Another property of a selection mechanism is that it should not be biased. The ideal notion of unbiasedness, called strictly unbiased (\(\mathbf {SU}\)) states: A prediction from a user about an event is used iff any alternative prediction from that user about that event would be used too. However, this notion may be too strong, as the mere possibility of an extreme prediction that may introduce an unacceptable amount of noise would imply that all predictions must be blocked. Hence we formulate (weakly) unbiased selection (\(\mathbf {WU}\)): A prediction from a user about an event is used iff the opposite prediction from that user about that event would be used too. This notion matches the idea that we can not “prefer” one outcome over the other, and thus that the selection mechanism mistakenly favours one side. However, weak unbiased selection may introduce a bias towards the center, meaning unlikely events may be overestimated.

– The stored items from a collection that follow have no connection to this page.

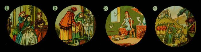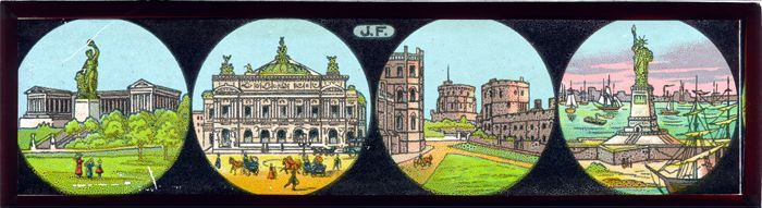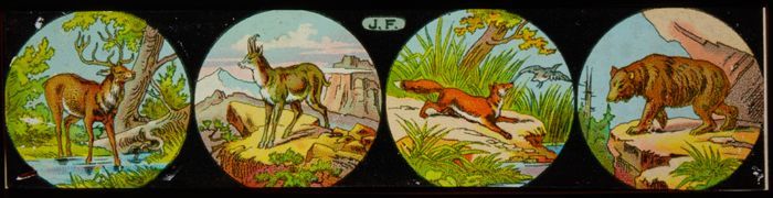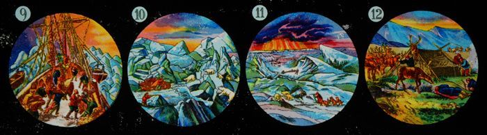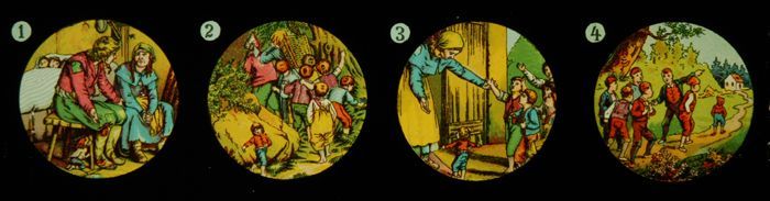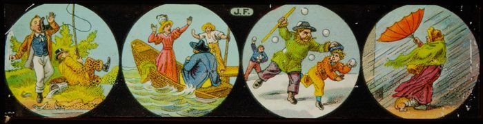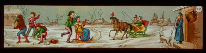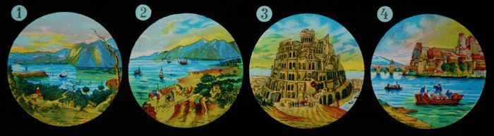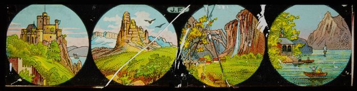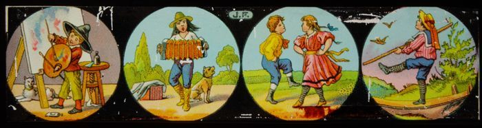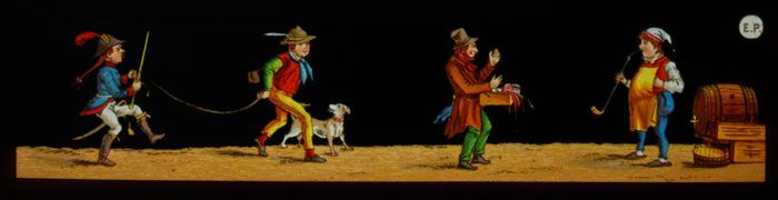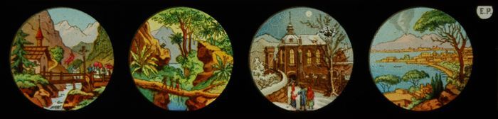 Toverlantaarnplaat "E.P." (Ernst Plank) met vier ber...
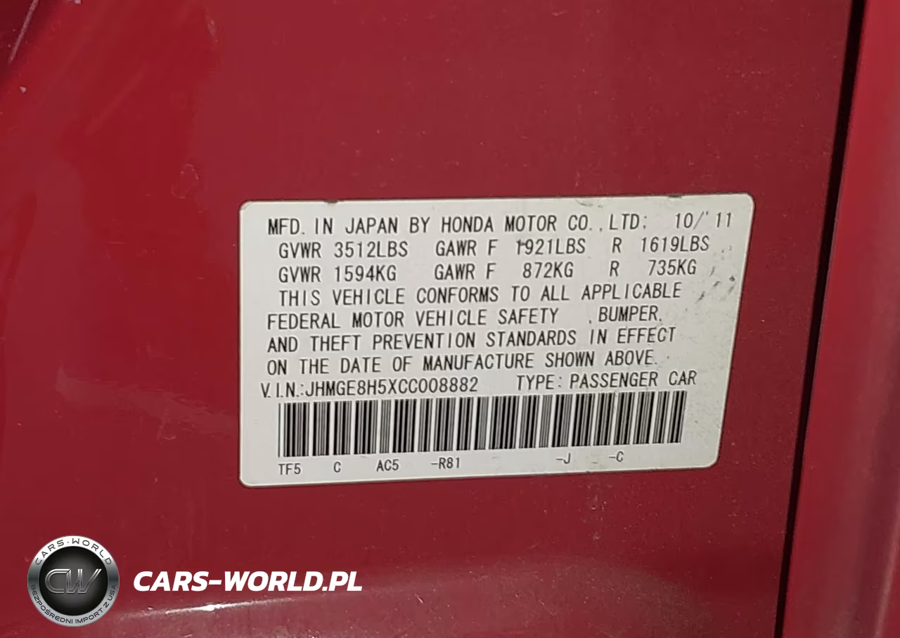 IAAI Nr: I-44751638 VIN: JHMGE8H5XCC008882 Port: Indianapolis, IN
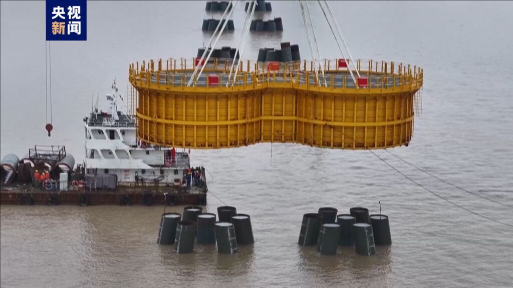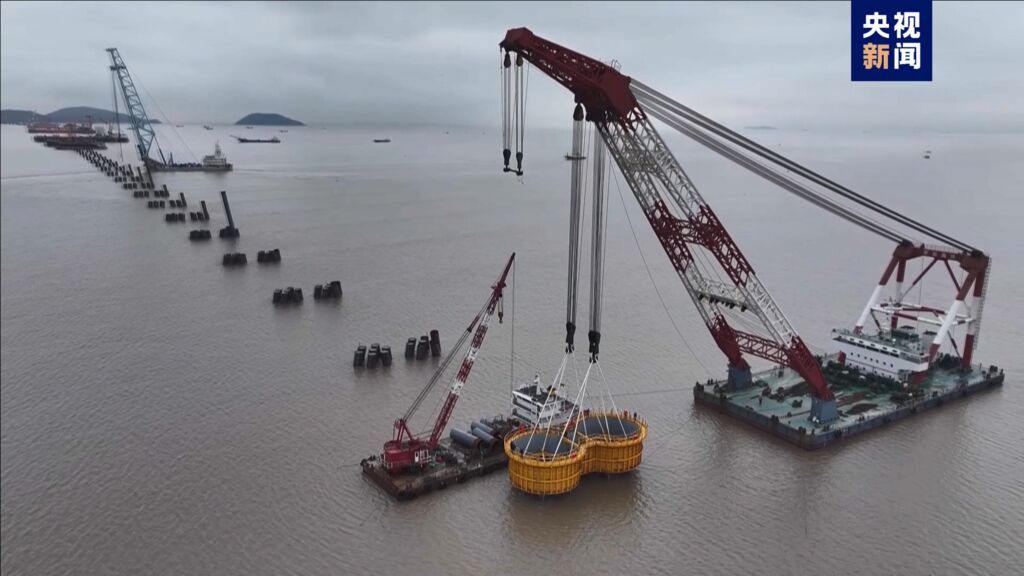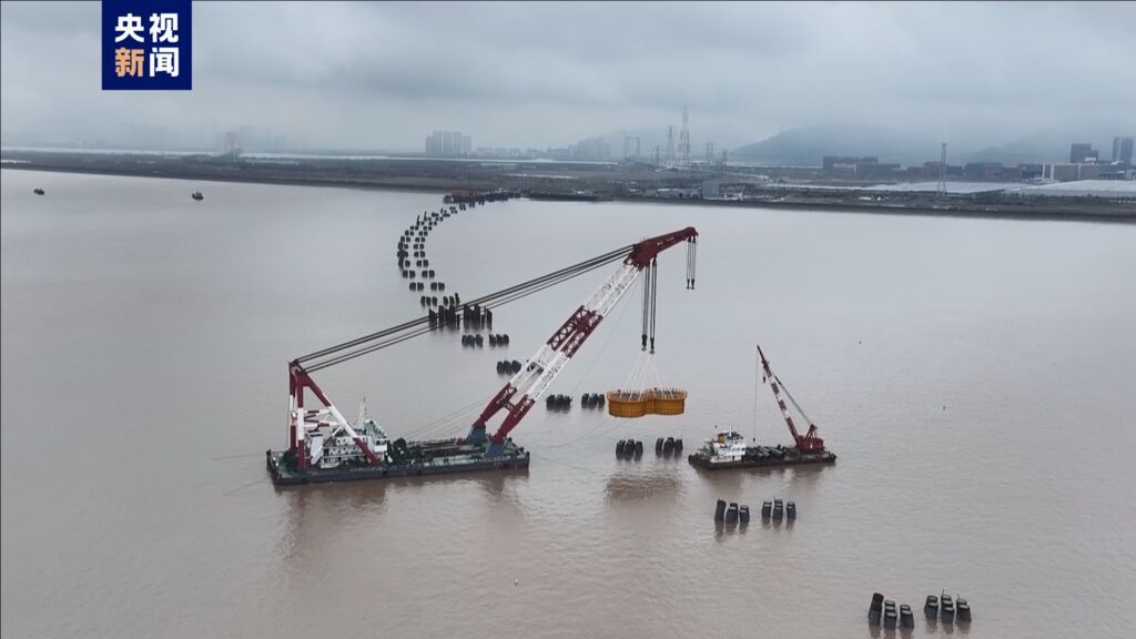 青龙门特大桥由中国铁建大桥工程局、中国铁建港航局联合承建,是世界级跨海连岛工程——宁波舟山港六横公路大桥二期关键控制性工程,双主跨756米横越青龙门水道,连接舟山佛渡岛和宁波梅山岛两座岛屿,是目前世界最大跨度三塔钢箱梁斜拉桥。(总台记者 杜金明 方良)
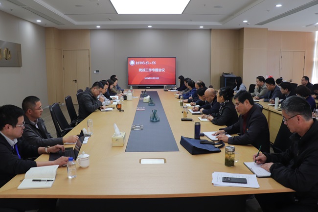 为深入学习贯彻党的二十大和二十届三中全会精神,推动习近平总书记关于做好新时代党的统一战线工作重要思想落地生根,11月13日,我院在高淳校区第一会议室召开统战工作专题会议。学院全体院领导出席会议,各系部负责人、团委书记、分工会主席、党总支书记(副书记)参加会议。会议由党委副书记、副院长王晨婷主持。
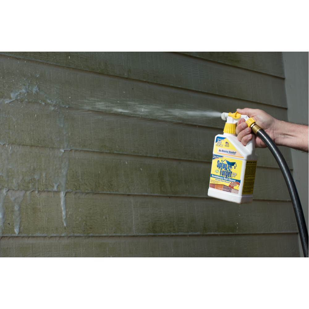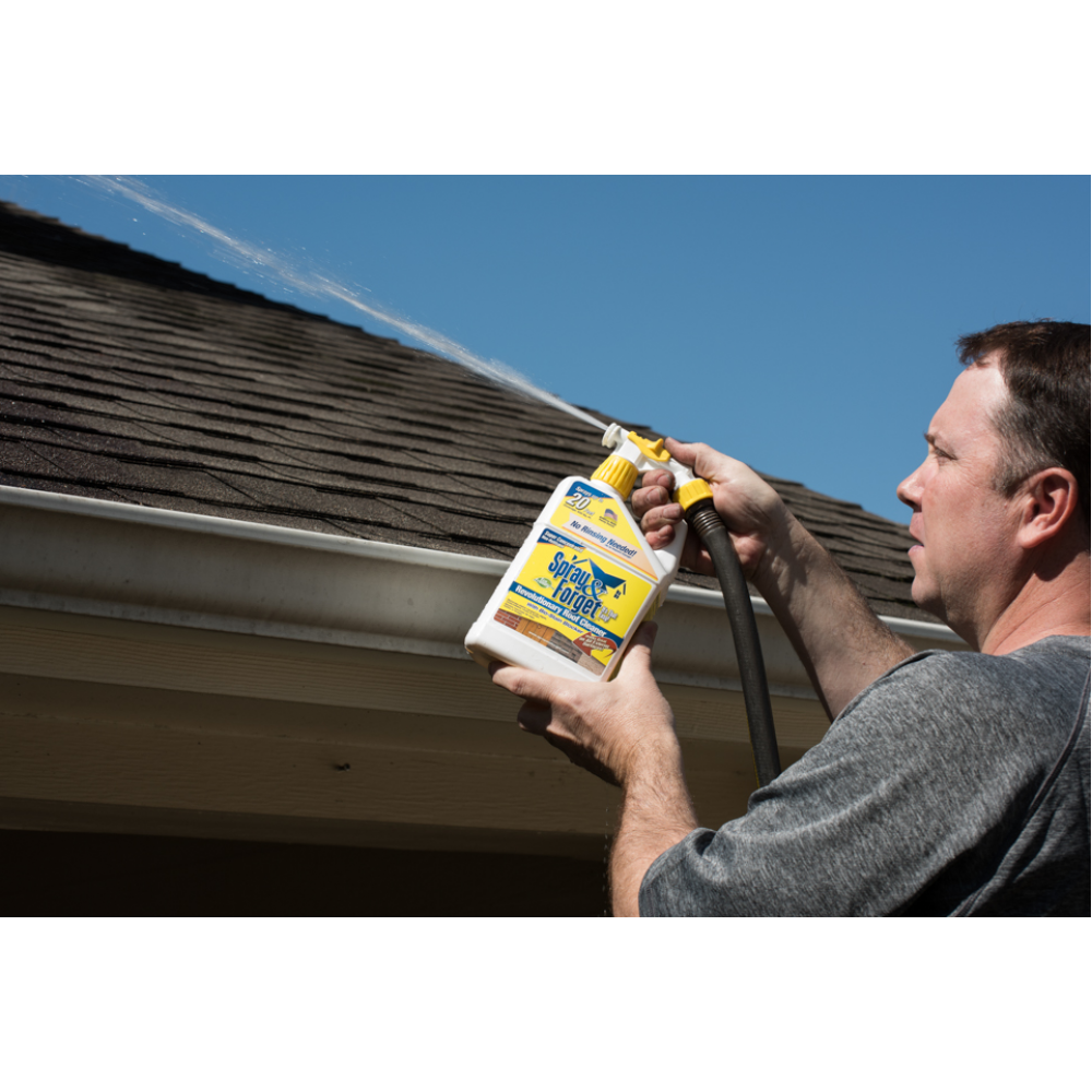 Treats 1200 to 2000 Sq. Ft. Our revolutionary patent-pending, "No Rinse" concentrated cleaner that removes green and black stains caused by algae, mold, moss, and lichen from all roof types, siding, decks, brick, stucco, and other exterior surfaces. Spray & Forget is an eco-friendly, biodegradable, non-corrosive, non-caustic, non-acidic product that does not require damaging power washing and/or brushing techniques. In fact, no rinsing is required and your landscaping will not be compromised. Also an excellent preventative!
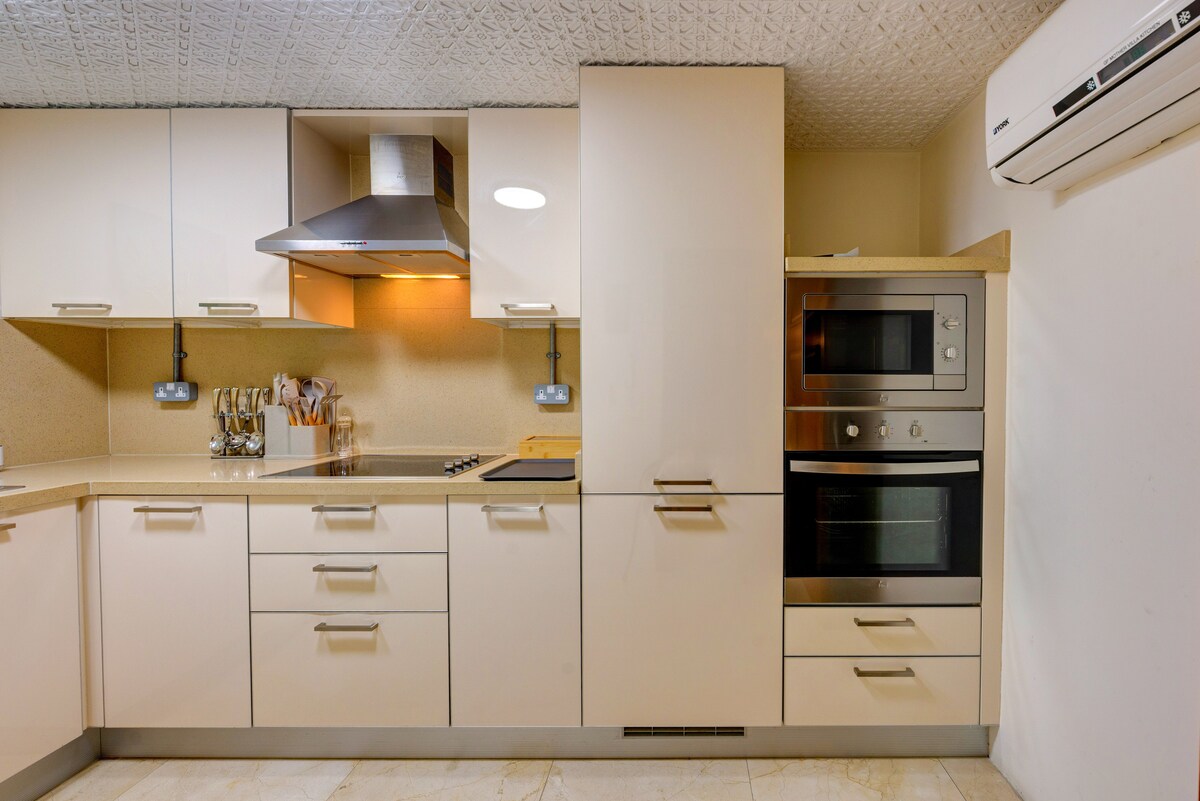 Relájate en esta escapada única y tranquila. Un apartamento de lujo cerca de las principales carreteras y a 10 minutos del centro comercial Seef y del centro de la ciudad. Tres dormitorios para dormir seis. Cocina algo en una cocina de tamaño completo o relájate con un televisor de65pulgadas con canales de streaming. Tendrás tu propio acceso a través del ascensor. Tu anfitrión se hospeda en el mismo edificio y responderá rápidamente a cualquier solicitud.
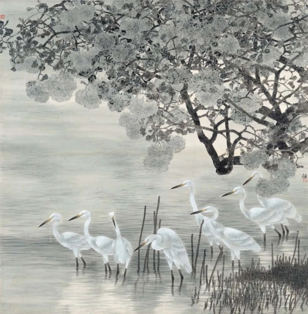 Traditional Chinese painting depicting river scenery in spring by Chen Wenli [Photo/Official WeChat account of the Guizhou Art Museum]
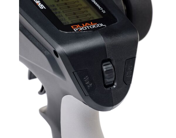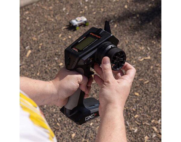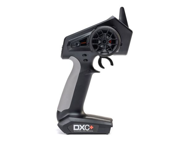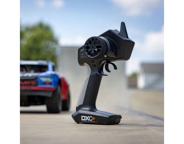 Die DXC+ bietet neue Upgrades und Funktionen, die sie zur idealen Upgrade-Fernsteuerung für RTR-Fahrzeuge machen. Zu den Verbesserungen gehören Dual Protocol, DSMR+, 12 Kanäle und ein USB-Anschluss für einfache Firmware-Updates sowie die Kompatibilität mit dem VRC Racing Simulator.

Finally, the property that forms the typical trade-off with robustness: effectiveness. Effectiveness measures how many predictions can be used over the lifetime of a trust system. We formulate two incarnations of effectiveness. The first is optimistic kn-effectiveness (\(\mathbf {OE}\)): It is possible to select k predictions for n events. Optimistic kn-effectiveness can be used to prove hard limits on robustness of trust systems. The second notion of effectiveness is realistic kn-effectiveness (\(\mathbf {RE}\)): Assuming all raters are accurate, we can expect k predictions for n events. The realistic kn-effectiveness is used for the positive results.

4 Modelling

Raters send predictions to users – be it by broadcasting or upon request. Predictions concern events with an outcome that will eventually be known. Users want to estimate how likely outcomes of events are, and use predictions for this purpose. After the event, users use the outcome to judge the predictors. Good predictors assign high likelihood to actual outcomes, and bad predictors assign lower likelihood.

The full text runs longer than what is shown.